TAI (Spielberger 1980; Chinese Version: Song and Zhang 1987)

The Test Anxiety Inventory (TAI) is a self-report inventory designed to measure test anxiety (TA) as a situation-specific personality trait. The TAI consists of 20 items, with a 4 point Likert-type scale ranging from 1 (rarely or none of the time) to 4 (always). The TAI provides a measure of total TA (TAI-T) as well as measures of two TA components of emotionality (E) and worry (W). Emotionality refers to perceived autonomic reactions (physiological arousal) evoked by evaluative stress (Spielberger and Vagg 1995), whereas worry refers to cognitive concerns about the consequences of failure (Morris and Liebert 1969). Worry tends to be associated with performance decrements on cognitive and intellectual tasks, but emotionality is not (Hembree 1988; Hong 1998; Spielberger et al. 1979). The Chinese version of TAI was first tested by Song and Zhang (1987) and the Cronbach’s alpha of the total and subscales are .90, .80, and .84 in Chinese university students. The inventories describe phenomena associated with TA. For example, I feel confident and relaxed when I take the exam. At the exam, I was upset. Of the 20 items, one is positive statement. Furthermore, The TAI has been used extensively, and the manual indicates that “most high school and college students complete the inventory in 8 to 10 minutes” (Spielberger et al. 1980).

TAS (Sarason 1978; Chinese Version: Wang 2001)

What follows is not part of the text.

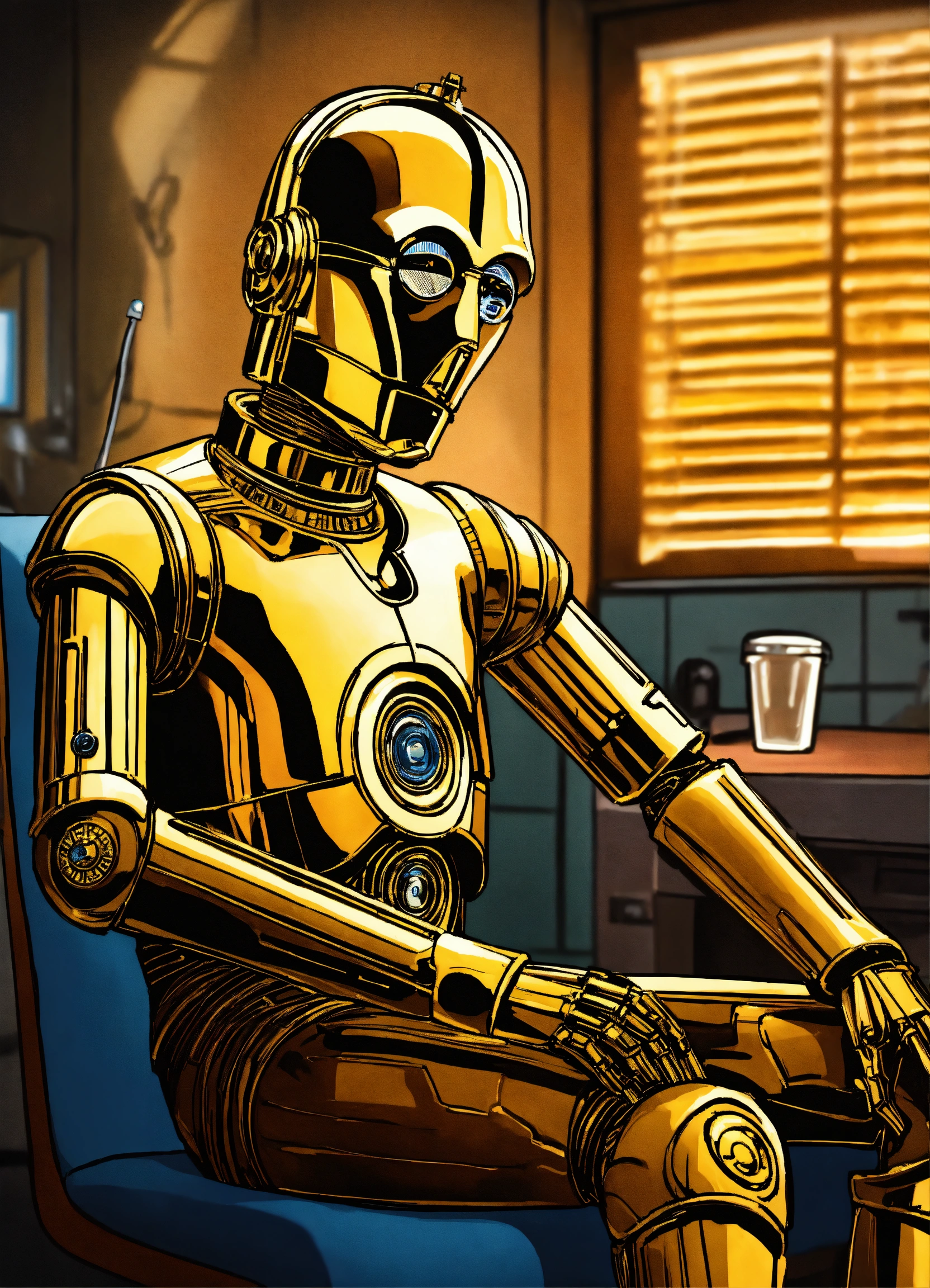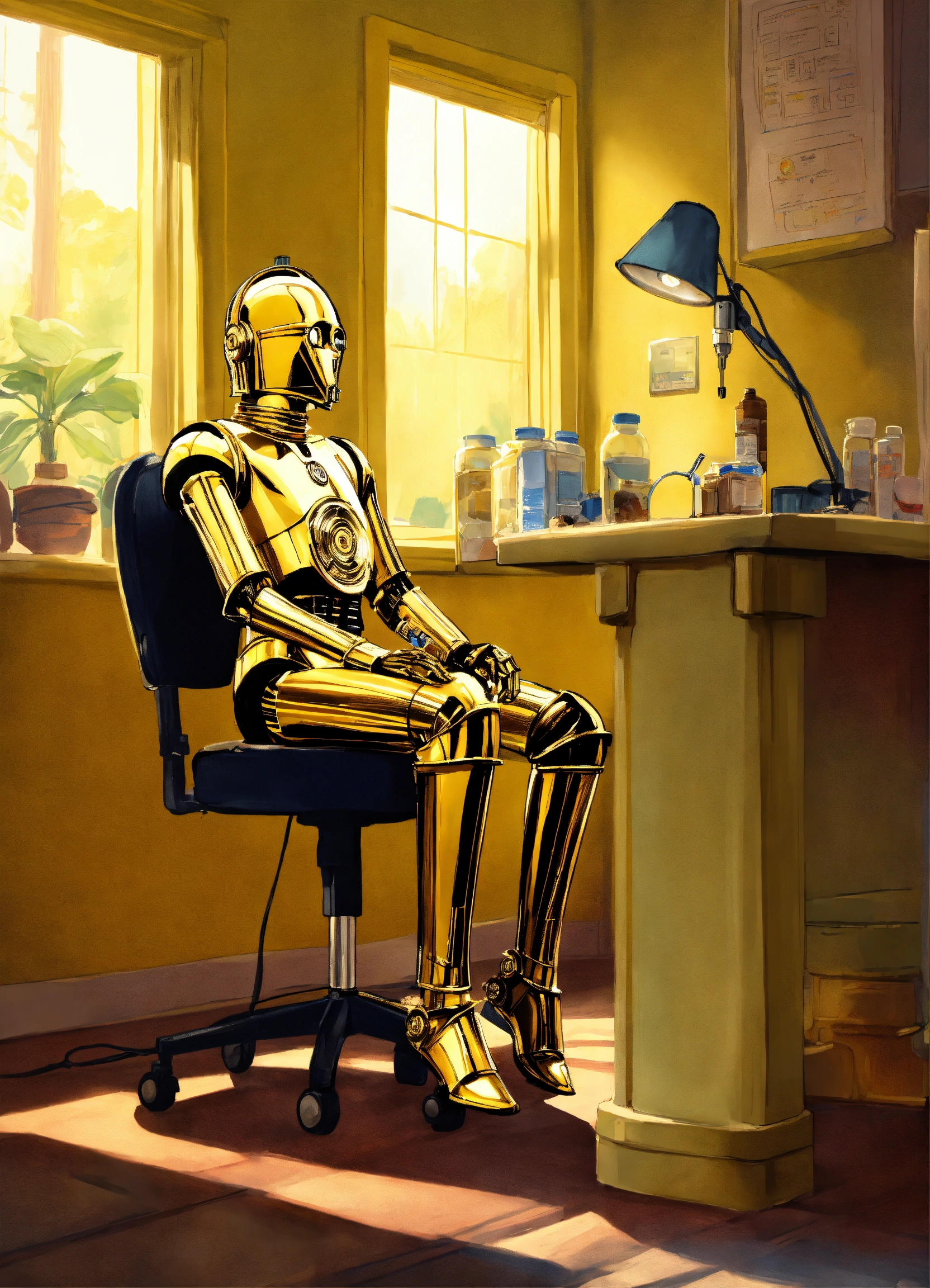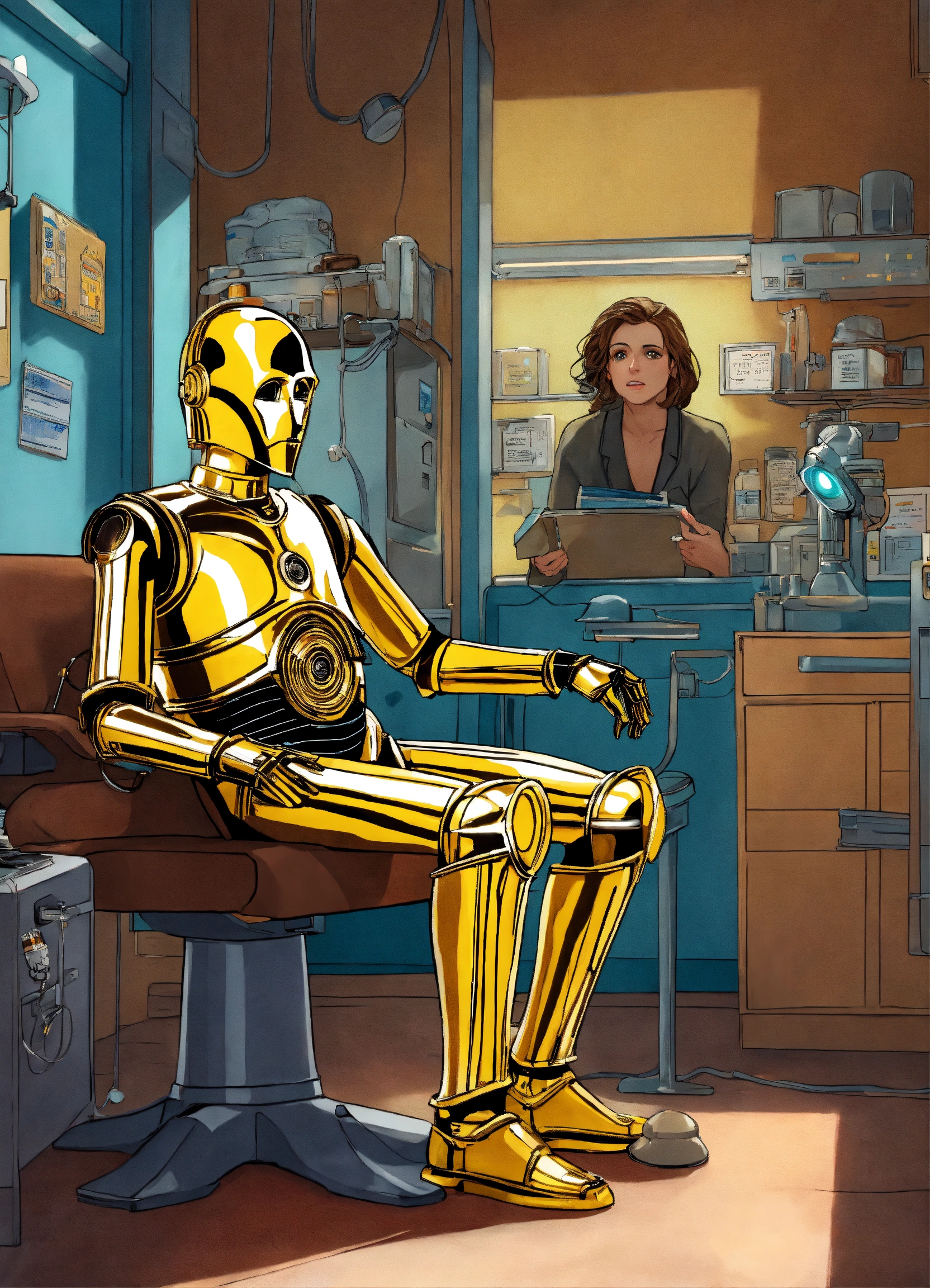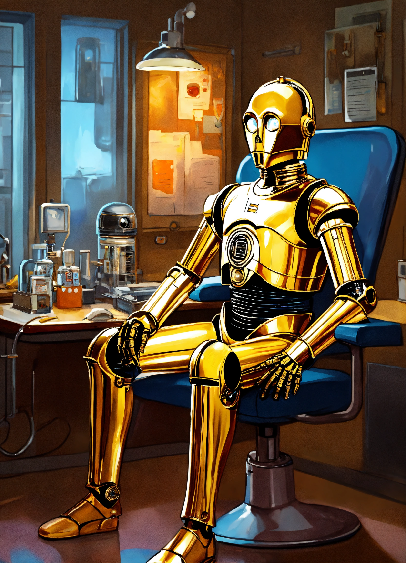 Illustrate a whimsical scene where c - 3po, the droid from 'star wars, ' is at the doctor's office. frame the scene in a 9 16 portrait format to focus on the character's visit. depict c - 3po sitting on a doctor's examination table, with medical instruments nearby and a physician or medical droid attending to him. capture c - 3po's unique expression, conveying his curiosity or concern about the examination. use futuristic and clinical lighting to create a playful yet sci - fi atmosphere.

The TAS is a unidimensional self-report scale. The TAS is comprised by 37 statements, and each item asks for a yes or no answer. The Chinese version of TAS was first tested by Wang (2001), and the test-retest reliability for university students was .62, and the Cronbach’s alpha is .64. The statements reflect common symptoms of TA—such as, when a major exam is coming, I always think of others smarter than me. If I was to attend a large exam, I would be very anxious before starting. Of the 37 items, 5 are positive statements. Newman (1996) suggested that 12 points or below of TAS total score indicated that the TA was a low level; 12 to 20 points are moderate, 20 and above were higher levels.

FAT (Friedman and Bendas-Jacob 1997; Chinese Version: Bi 2002)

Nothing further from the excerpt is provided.